Jennifer Gillian Newstead is an American attorney who currently serves as the Chief Legal Officer at Meta, previously Facebook, overseeing all global legal and corporate governance matters on behalf of the company.

Career 
Prior to working at Facebook, she was the Legal Adviser to the United States Department of State, a position confirmed by the US Senate and holding the rank of Assistant Secretary. Previously, she was a partner at the large corporate law firm Davis Polk & Wardwell. A graduate of Harvard University (1991) and Yale Law School (1994), Newstead clerked for Justice Stephen Breyer of the Supreme Court of the United States and Judge Laurence Silberman of the United States Court of Appeals for the District of Columbia Circuit. She was also General Counsel of the Office of Management and Budget, Principal Deputy Assistant Attorney General at the United States Department of Justice's Office of Legal Policy, and Associate Counsel to the President of the United States. She is credited with helping to draft the Patriot Act. In December 2017, during her confirmation she was questioned about her views on the humanitarian crisis in Yemen.

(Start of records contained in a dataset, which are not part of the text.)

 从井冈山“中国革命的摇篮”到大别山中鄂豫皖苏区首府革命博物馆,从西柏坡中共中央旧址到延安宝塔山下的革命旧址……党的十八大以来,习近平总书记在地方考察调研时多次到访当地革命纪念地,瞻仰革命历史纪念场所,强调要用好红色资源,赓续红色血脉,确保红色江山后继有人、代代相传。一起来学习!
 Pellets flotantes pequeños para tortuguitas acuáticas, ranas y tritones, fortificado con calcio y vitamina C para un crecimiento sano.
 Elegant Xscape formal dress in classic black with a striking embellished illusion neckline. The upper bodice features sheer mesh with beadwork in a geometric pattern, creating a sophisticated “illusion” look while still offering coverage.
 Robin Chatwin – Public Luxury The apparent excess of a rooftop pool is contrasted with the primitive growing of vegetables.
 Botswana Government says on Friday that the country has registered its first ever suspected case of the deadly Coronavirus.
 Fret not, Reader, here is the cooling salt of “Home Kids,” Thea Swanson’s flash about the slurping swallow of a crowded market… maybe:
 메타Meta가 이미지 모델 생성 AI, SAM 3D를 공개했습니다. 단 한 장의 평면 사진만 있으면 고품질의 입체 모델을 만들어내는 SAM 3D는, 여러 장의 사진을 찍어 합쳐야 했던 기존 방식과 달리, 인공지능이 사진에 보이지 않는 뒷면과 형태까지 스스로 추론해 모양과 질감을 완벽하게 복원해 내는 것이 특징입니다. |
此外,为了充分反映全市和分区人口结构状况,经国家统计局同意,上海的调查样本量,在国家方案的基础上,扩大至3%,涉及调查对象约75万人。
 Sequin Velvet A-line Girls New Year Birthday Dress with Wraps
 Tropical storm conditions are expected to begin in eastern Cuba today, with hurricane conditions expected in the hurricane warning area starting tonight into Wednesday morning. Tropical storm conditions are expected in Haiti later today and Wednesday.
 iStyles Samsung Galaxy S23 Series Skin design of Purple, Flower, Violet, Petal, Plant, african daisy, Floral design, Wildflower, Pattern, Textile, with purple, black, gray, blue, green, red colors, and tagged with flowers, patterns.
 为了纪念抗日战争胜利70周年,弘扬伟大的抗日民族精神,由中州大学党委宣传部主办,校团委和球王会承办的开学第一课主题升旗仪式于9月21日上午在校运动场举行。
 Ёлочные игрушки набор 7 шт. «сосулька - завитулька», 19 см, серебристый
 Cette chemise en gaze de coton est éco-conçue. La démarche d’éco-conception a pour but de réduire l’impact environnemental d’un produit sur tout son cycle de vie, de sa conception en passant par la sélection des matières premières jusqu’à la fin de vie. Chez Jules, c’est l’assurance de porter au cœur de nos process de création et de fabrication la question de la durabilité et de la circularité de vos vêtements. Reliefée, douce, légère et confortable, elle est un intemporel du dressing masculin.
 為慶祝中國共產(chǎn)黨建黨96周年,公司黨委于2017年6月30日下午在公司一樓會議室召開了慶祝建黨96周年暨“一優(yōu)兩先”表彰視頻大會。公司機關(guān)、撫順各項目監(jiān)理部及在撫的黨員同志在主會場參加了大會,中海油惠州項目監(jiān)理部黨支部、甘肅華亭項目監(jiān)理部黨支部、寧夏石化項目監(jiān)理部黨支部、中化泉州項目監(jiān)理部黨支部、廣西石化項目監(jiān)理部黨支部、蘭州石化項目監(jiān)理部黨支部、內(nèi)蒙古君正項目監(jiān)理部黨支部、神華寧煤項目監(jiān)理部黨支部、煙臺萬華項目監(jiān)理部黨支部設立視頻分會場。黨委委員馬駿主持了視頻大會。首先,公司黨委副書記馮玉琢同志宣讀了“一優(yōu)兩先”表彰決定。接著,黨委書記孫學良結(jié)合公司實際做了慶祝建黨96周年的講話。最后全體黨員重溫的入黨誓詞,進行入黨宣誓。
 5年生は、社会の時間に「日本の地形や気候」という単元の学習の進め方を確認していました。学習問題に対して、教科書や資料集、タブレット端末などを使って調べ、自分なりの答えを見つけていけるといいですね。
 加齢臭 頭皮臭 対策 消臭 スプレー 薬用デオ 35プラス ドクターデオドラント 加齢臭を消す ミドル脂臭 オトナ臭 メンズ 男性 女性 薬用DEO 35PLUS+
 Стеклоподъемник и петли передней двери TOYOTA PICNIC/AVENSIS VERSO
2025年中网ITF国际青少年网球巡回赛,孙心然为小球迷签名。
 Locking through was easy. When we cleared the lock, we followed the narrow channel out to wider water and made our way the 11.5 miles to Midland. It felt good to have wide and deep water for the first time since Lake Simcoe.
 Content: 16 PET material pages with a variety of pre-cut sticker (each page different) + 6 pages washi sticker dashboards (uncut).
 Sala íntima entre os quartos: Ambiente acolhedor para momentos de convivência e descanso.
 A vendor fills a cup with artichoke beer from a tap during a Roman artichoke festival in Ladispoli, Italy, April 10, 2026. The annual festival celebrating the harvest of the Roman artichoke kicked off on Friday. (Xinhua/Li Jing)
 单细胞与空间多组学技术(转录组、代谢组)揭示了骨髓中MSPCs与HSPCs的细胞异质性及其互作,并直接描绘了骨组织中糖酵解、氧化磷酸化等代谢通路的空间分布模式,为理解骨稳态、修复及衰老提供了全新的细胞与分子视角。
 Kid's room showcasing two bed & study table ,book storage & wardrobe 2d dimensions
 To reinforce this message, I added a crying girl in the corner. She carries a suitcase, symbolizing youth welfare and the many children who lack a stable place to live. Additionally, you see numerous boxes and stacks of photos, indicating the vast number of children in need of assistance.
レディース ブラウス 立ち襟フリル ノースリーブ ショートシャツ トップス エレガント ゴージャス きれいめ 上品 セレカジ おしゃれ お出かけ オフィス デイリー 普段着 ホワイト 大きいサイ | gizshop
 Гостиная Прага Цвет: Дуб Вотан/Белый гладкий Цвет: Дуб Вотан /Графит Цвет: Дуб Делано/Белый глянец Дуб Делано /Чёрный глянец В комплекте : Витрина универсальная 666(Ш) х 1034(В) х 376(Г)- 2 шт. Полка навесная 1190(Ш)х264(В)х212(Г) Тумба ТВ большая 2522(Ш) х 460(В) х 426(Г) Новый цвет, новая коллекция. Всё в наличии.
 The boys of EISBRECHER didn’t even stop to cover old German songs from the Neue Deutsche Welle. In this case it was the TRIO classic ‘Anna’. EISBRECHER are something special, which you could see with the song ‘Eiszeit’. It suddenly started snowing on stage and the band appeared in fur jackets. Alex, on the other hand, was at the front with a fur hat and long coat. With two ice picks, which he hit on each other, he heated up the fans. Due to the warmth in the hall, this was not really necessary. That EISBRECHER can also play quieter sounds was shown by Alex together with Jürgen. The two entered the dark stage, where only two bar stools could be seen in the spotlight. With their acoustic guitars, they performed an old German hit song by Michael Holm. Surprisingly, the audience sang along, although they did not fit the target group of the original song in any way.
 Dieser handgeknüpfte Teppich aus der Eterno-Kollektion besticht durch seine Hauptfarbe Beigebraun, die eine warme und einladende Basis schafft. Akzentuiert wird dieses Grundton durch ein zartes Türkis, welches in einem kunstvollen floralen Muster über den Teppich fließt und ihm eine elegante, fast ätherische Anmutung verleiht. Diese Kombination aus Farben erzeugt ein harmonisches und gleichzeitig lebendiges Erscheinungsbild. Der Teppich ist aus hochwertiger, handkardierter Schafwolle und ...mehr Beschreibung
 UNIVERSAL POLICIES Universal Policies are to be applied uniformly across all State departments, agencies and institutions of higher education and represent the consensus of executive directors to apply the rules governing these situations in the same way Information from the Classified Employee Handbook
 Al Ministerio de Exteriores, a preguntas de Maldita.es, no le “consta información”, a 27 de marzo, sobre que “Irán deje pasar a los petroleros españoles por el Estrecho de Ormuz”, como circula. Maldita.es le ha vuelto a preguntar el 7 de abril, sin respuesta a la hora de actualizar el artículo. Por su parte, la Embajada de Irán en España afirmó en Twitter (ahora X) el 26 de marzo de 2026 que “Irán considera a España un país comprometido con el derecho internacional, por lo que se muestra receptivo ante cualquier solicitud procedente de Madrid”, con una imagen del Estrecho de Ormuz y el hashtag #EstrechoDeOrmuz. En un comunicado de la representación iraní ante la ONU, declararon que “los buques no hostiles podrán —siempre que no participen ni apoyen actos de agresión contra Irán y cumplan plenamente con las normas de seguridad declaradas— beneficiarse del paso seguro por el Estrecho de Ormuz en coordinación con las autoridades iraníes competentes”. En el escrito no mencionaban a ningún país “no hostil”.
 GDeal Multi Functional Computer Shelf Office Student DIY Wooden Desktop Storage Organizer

Newstead has also served as an adjunct professor at Georgetown Law. In 2015, The American Lawyer recognized her for her work on transatlantic litigation.

In 2018, Jennifer G. Newstead represented the United States as Agent, Counsel, and Advocate in the case Alleged violations of the 1955 Treaty of Amity, Economic Relations, and Consular Rights (Islamic Republic of Iran v. United States of America) before the International Court of Justice.

See also 
 List of law clerks of the Supreme Court of the United States (Seat 2)

References

External links
 Biography at Davis Polk (archived September 14, 2017)
 Statement of Jennifer Gillian Newstead (October 18, 2017) to the Foreign Relations Committee, U.S. Senate.

Living people
Harvard University alumni
Yale Law School alumni
21st-century American lawyers
George W. Bush administration personnel
Trump administration personnel
Davis Polk & Wardwell lawyers
Law clerks of the Supreme Court of the United States
Year of birth missing (living people)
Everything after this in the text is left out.